Only the lines below from the one containing "- Package Includes: You" through the one containing "这里可以累积所有你不在线时的" belong in the answer, set down exactly, with the pictures left out.

▶ **Provided data**
<<<<

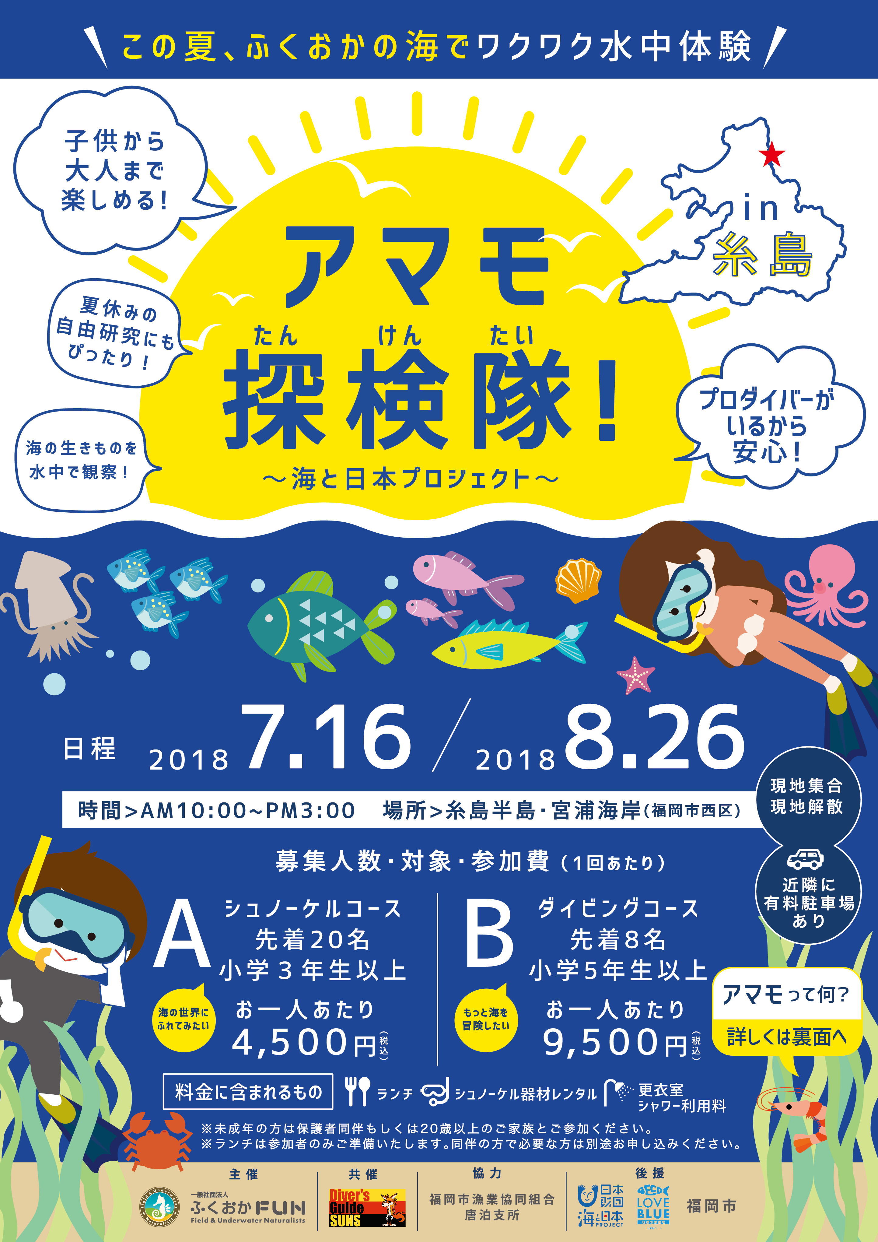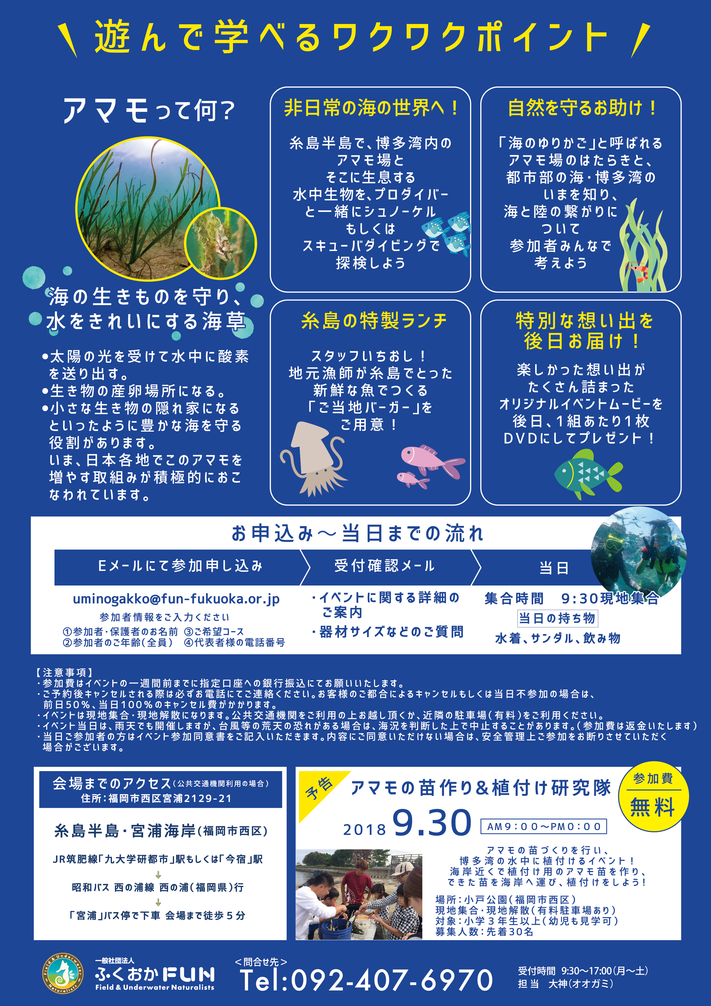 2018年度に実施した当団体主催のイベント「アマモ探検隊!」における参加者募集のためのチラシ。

>>>>
<<<<

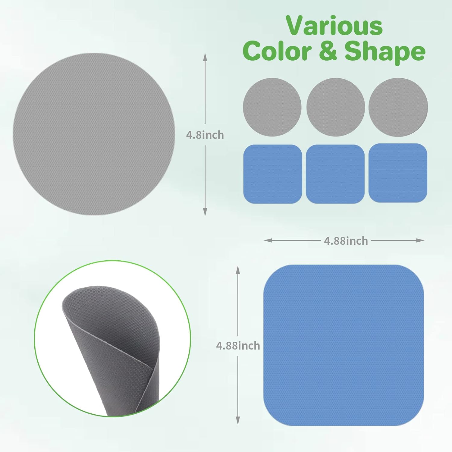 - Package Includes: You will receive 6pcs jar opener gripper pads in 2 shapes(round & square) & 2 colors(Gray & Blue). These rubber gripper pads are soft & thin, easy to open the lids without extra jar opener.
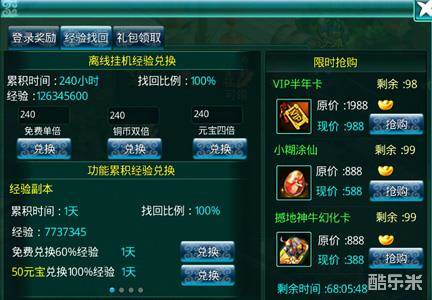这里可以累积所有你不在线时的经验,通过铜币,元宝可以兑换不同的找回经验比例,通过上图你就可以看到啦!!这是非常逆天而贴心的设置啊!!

>>>>

▶ **Answer for the task**
 - Package Includes: You will receive 6pcs jar opener gripper pads in 2 shapes(round & square) & 2 colors(Gray & Blue). These rubber gripper pads are soft & thin, easy to open the lids without extra jar opener.
这里可以累积所有你不在线时的经验,通过铜币,元宝可以兑换不同的找回经验比例,通过上图你就可以看到啦!!这是非常逆天而贴心的设置啊!!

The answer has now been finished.